» WHAT YOU ARE ASKED TO DO
Every record below should be copied exactly, with the pictures left out.

·····

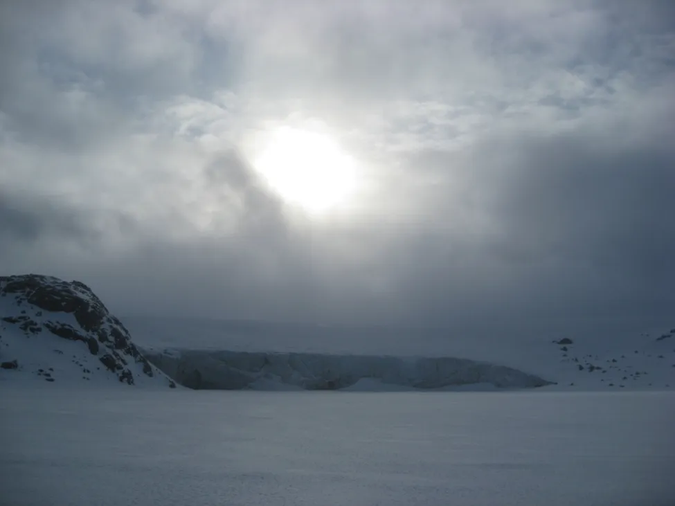 Jo, på detta. Dalen är avskuren av en hög kalvningsbrant. Så här borde inte en vanlig glaciär bete sig. Det är inte någon vanlig glaciär utan en inlandsisen.
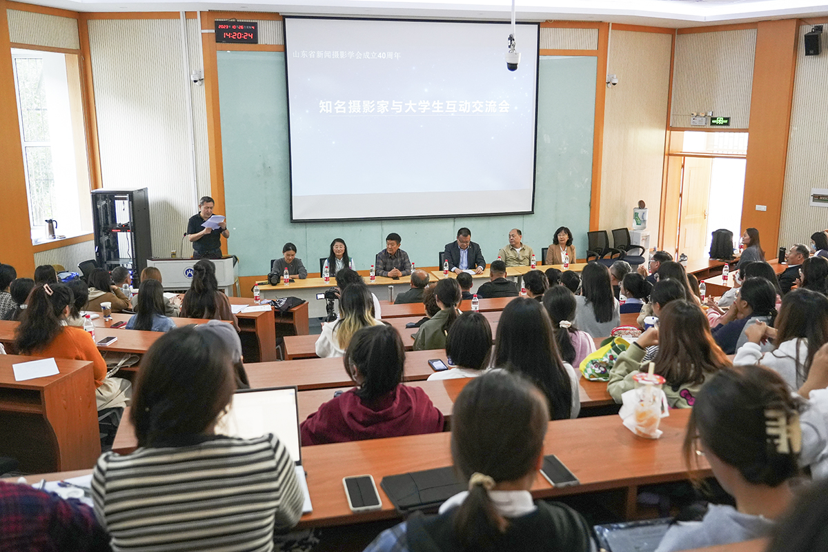 26日下午在舜耕校区举办了摄影名家与大学生对话互动交流活动。山东省新闻摄影学会荣誉会长、学术总监钱捍,齐鲁晚报·齐鲁壹点总经理助理、图片新闻中心主任、山东省新闻摄影学会副会长兼秘书长刘军,山东省女摄影家协会原副主席、菏泽日报高级记者王超英,齐鲁晚报·齐鲁壹点摄影图片编辑王媛等专家与同学们分享了各自的新闻职业成长经历以及新闻采访、策划选题等方面的经验和体会。
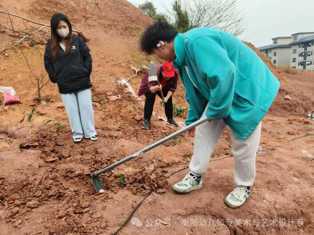 為深化"三全育人"綜合改革,3月26日,衡陽幼兒師范高等專科學(xué)校美術(shù)與藝術(shù)設(shè)計(jì)系創(chuàng)新實(shí)施"黨建+美育+勞育"融合育人模式,教師黨支部聯(lián)合學(xué)生黨支部在大禮堂后山開展"藝術(shù)林"共建活動(dòng)。師生以新綠植為畫布,將植樹節(jié)轉(zhuǎn)化為生動(dòng)的跨學(xué)科實(shí)踐課堂,讓生態(tài)文明理念在藝術(shù)創(chuàng)作中生根發(fā)芽。
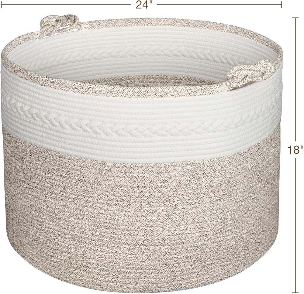 🎁【سلة ضخمة ومتعددة الاستخدامات】سلة تخزين كبيرة الحجم XXXXXL (24 بوصة × 24 بوصة × 18 بوصة) للملابس والبطانيات والوسائد والمناشف والألحفة والكتب وسجادات اليوجا وألعاب الأطفال. يمكن أيضًا أن تكون سلة غسيل للأطفال ملابس قذرة لمدة أسبوع على الأقل.
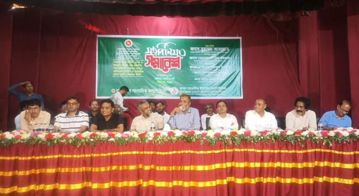 শনিবার ( 8 নভেম্বর)  রংপুর টাউন হলে তথ্য ও সম্প্রচার মন্ত্রণালয়ের বাংলাদেশ সাংবাদিক কল্যাণ ট্রাস্টের২০২৫-২০২৬ অর্থবছরের অনুদানের চেক বিতরণ উপলক্ষে সাংবাদিকদের আর্থিক সুরক্ষা ও কল্যাণে করণীয় এবং প্রস্তাবিত সংশোধনীসহ গণমাধ্যম সংস্কার কমিশনের সুপারিশ ও সাংবাদিক সুরক্ষা আইন বাস্তবায়ন’  শীর্ষক মতবিনিময় ও সমাবেশে  প্রধান অতিথির বক্তব্যে এসব কথা বলেন তিনি। রংপুর সাংবাদিক ইউনিয়ন-আরপিইউজে ও  বাংলাদেশ সাংবাদিক কল্যান ট্রাস্টের যৌথ উদ্যোগে বেলা ১২ টা থেকে বিকেল ৪ টা পর্যন্ত এই সমাবেশে তিনশতাধিক গণমাধ্যম কর্মী অংশ নেন। রংপুর জেলা প্রশাসক মোহাম্মদ রবিউল ফয়সালের সভাপতিত্বে ও আরপিইউজে সাধারণ সম্পাদক সরকার মাজহারুল মান্নানের সঞ্চালনায় এতে বিশেষ অতিথির বক্তব্য রাখেন ট্রাস্টের উপ-পরিচালক (অর্থ ও প্রশাসন) এ বি এম রফিকুল ইসলাম, অতিরিক্ত জেলা প্রশাসক (রাজস্ব) আবু সাঈদ,আরপিইউজে সভাপতি সালেকুজ্জান সালেক।
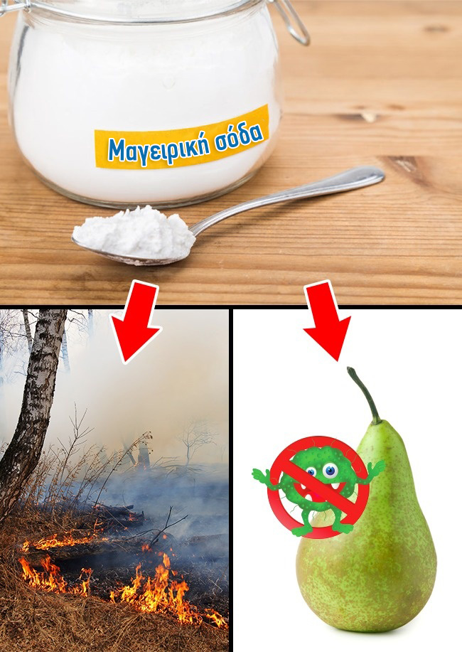 Απολυμαντικό Ένα διάλυμα από 1 κουταλάκι του γλυκού μαγειρική σόδα και 1 λίτρο νερό, θα σας βοηθήσει να απομακρύνετε επικίνδυνα βακτήρια. Μπορείτε να απολυμάνετε τα φρούτα ή τα λαχανικά σας με αυτό.
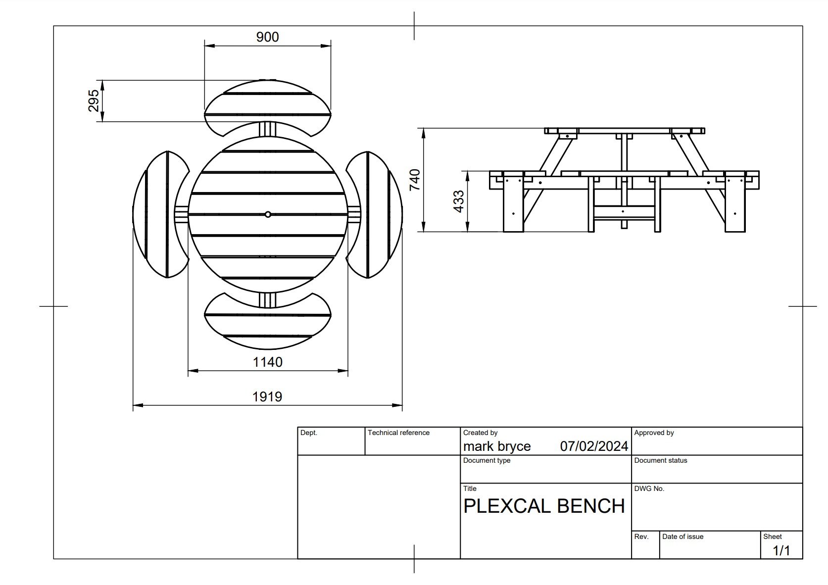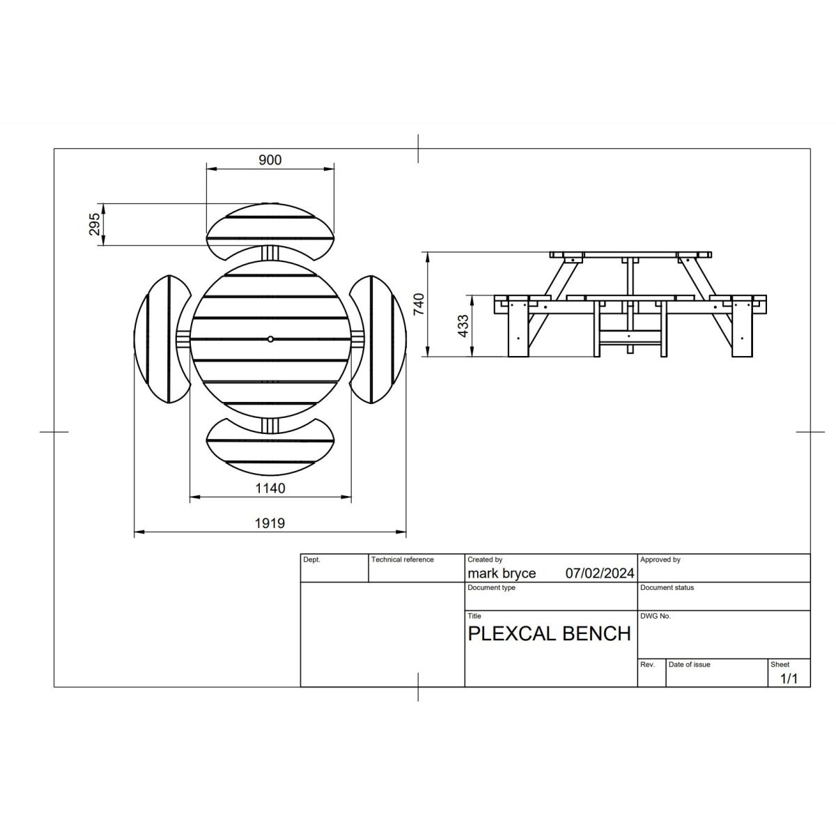 - Constructed from 100% Recycled Plastic 38mm Thick, throughout the design
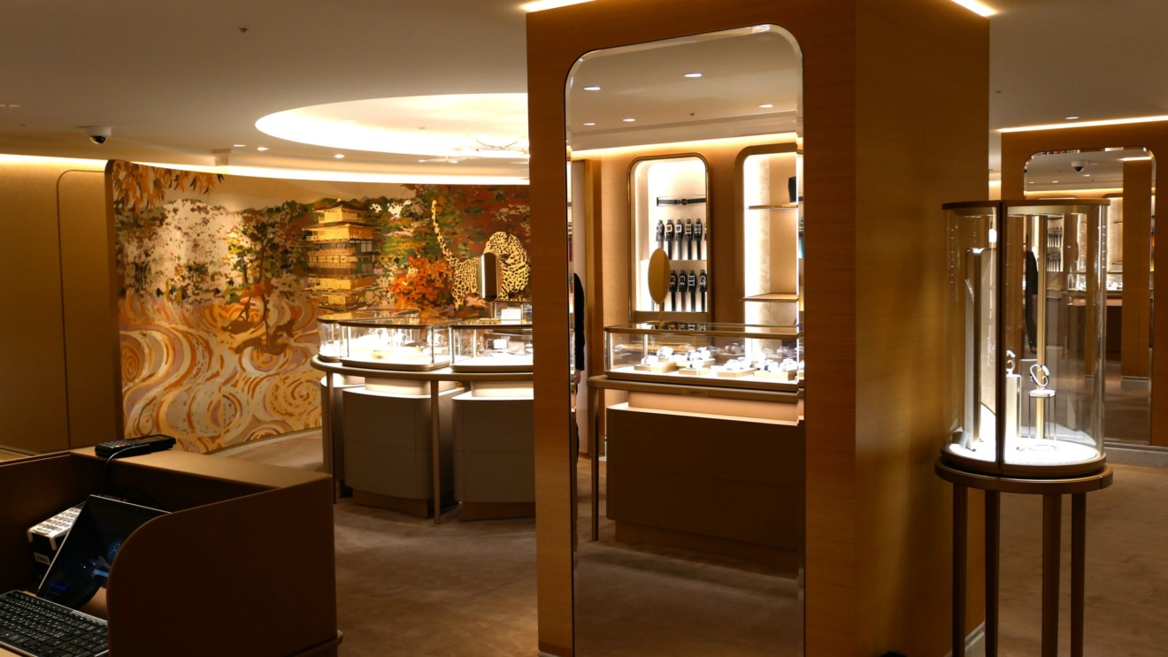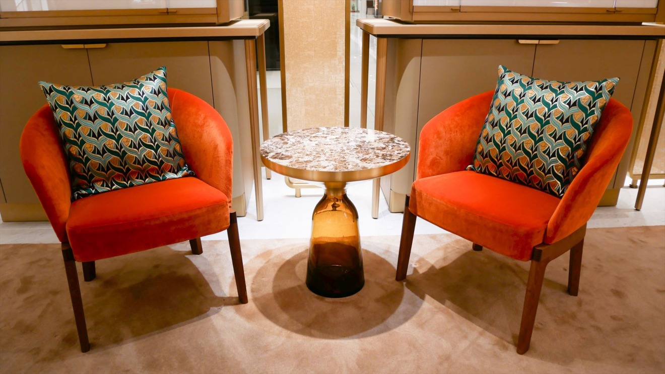 西陣織金襴のクッションを宝飾店ブティックへ
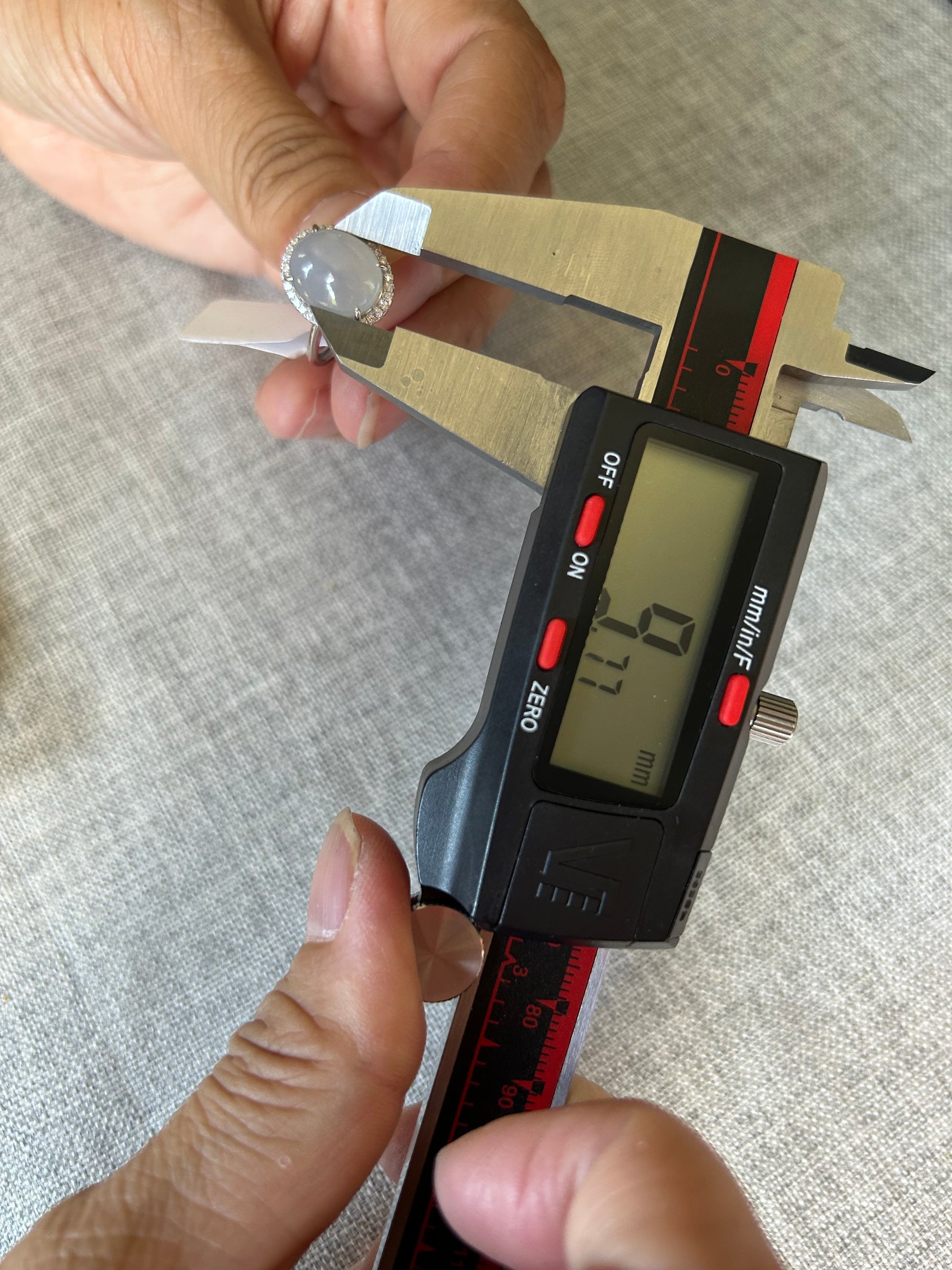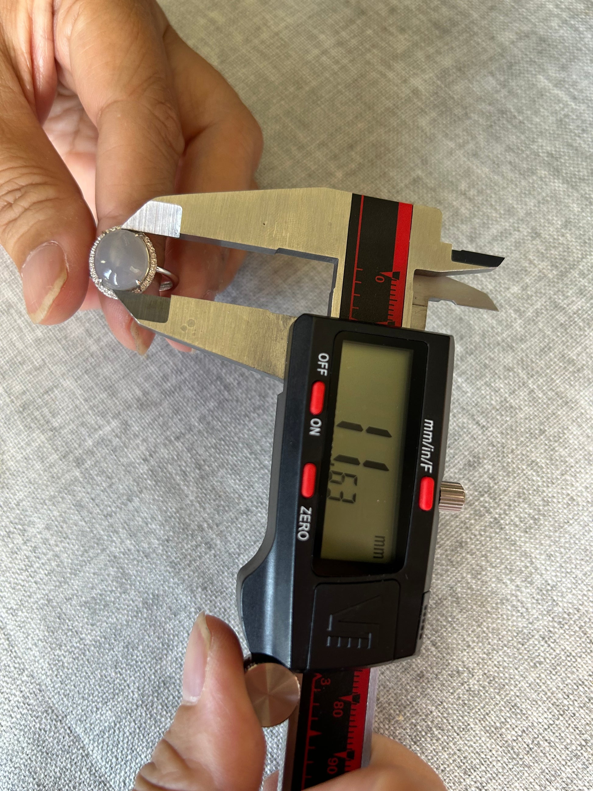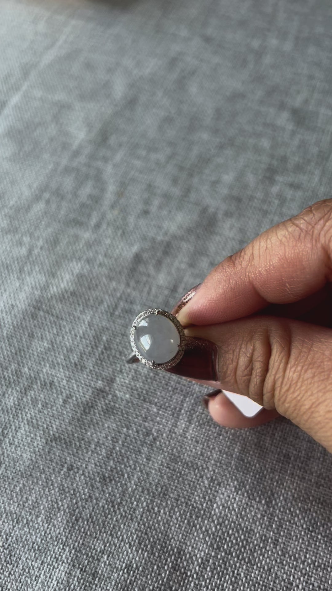 This is a Grade A Burma white cabochon jadeite with Cubic Zirconia sterling silver adjustable ring. The jadeite cabochon size is 11.63X 9.77mm
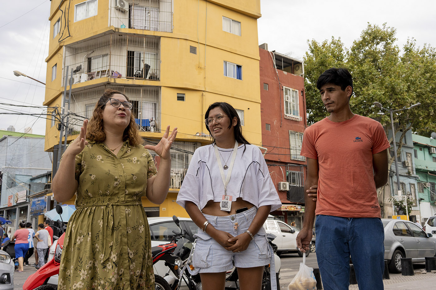 Feria Latina, donde se comparten algunas consignas del tour y un poco de historia. Messa Mugica es un proyecto llevado adelante por Laura Sejas (a la izquierda) y Patricia Esteche en la Villa 31.

·····

» EXPECTED OUTPUT
 Jo, på detta. Dalen är avskuren av en hög kalvningsbrant. Så här borde inte en vanlig glaciär bete sig. Det är inte någon vanlig glaciär utan en inlandsisen.
 26日下午在舜耕校区举办了摄影名家与大学生对话互动交流活动。山东省新闻摄影学会荣誉会长、学术总监钱捍,齐鲁晚报·齐鲁壹点总经理助理、图片新闻中心主任、山东省新闻摄影学会副会长兼秘书长刘军,山东省女摄影家协会原副主席、菏泽日报高级记者王超英,齐鲁晚报·齐鲁壹点摄影图片编辑王媛等专家与同学们分享了各自的新闻职业成长经历以及新闻采访、策划选题等方面的经验和体会。
 為深化"三全育人"綜合改革,3月26日,衡陽幼兒師范高等專科學(xué)校美術(shù)與藝術(shù)設(shè)計(jì)系創(chuàng)新實(shí)施"黨建+美育+勞育"融合育人模式,教師黨支部聯(lián)合學(xué)生黨支部在大禮堂后山開展"藝術(shù)林"共建活動(dòng)。師生以新綠植為畫布,將植樹節(jié)轉(zhuǎn)化為生動(dòng)的跨學(xué)科實(shí)踐課堂,讓生態(tài)文明理念在藝術(shù)創(chuàng)作中生根發(fā)芽。
 🎁【سلة ضخمة ومتعددة الاستخدامات】سلة تخزين كبيرة الحجم XXXXXL (24 بوصة × 24 بوصة × 18 بوصة) للملابس والبطانيات والوسائد والمناشف والألحفة والكتب وسجادات اليوجا وألعاب الأطفال. يمكن أيضًا أن تكون سلة غسيل للأطفال ملابس قذرة لمدة أسبوع على الأقل.
 শনিবার ( 8 নভেম্বর)  রংপুর টাউন হলে তথ্য ও সম্প্রচার মন্ত্রণালয়ের বাংলাদেশ সাংবাদিক কল্যাণ ট্রাস্টের২০২৫-২০২৬ অর্থবছরের অনুদানের চেক বিতরণ উপলক্ষে সাংবাদিকদের আর্থিক সুরক্ষা ও কল্যাণে করণীয় এবং প্রস্তাবিত সংশোধনীসহ গণমাধ্যম সংস্কার কমিশনের সুপারিশ ও সাংবাদিক সুরক্ষা আইন বাস্তবায়ন’  শীর্ষক মতবিনিময় ও সমাবেশে  প্রধান অতিথির বক্তব্যে এসব কথা বলেন তিনি। রংপুর সাংবাদিক ইউনিয়ন-আরপিইউজে ও  বাংলাদেশ সাংবাদিক কল্যান ট্রাস্টের যৌথ উদ্যোগে বেলা ১২ টা থেকে বিকেল ৪ টা পর্যন্ত এই সমাবেশে তিনশতাধিক গণমাধ্যম কর্মী অংশ নেন। রংপুর জেলা প্রশাসক মোহাম্মদ রবিউল ফয়সালের সভাপতিত্বে ও আরপিইউজে সাধারণ সম্পাদক সরকার মাজহারুল মান্নানের সঞ্চালনায় এতে বিশেষ অতিথির বক্তব্য রাখেন ট্রাস্টের উপ-পরিচালক (অর্থ ও প্রশাসন) এ বি এম রফিকুল ইসলাম, অতিরিক্ত জেলা প্রশাসক (রাজস্ব) আবু সাঈদ,আরপিইউজে সভাপতি সালেকুজ্জান সালেক।
 Απολυμαντικό Ένα διάλυμα από 1 κουταλάκι του γλυκού μαγειρική σόδα και 1 λίτρο νερό, θα σας βοηθήσει να απομακρύνετε επικίνδυνα βακτήρια. Μπορείτε να απολυμάνετε τα φρούτα ή τα λαχανικά σας με αυτό.
 - Constructed from 100% Recycled Plastic 38mm Thick, throughout the design
 西陣織金襴のクッションを宝飾店ブティックへ
 This is a Grade A Burma white cabochon jadeite with Cubic Zirconia sterling silver adjustable ring. The jadeite cabochon size is 11.63X 9.77mm
 Feria Latina, donde se comparten algunas consignas del tour y un poco de historia. Messa Mugica es un proyecto llevado adelante por Laura Sejas (a la izquierda) y Patricia Esteche en la Villa 31.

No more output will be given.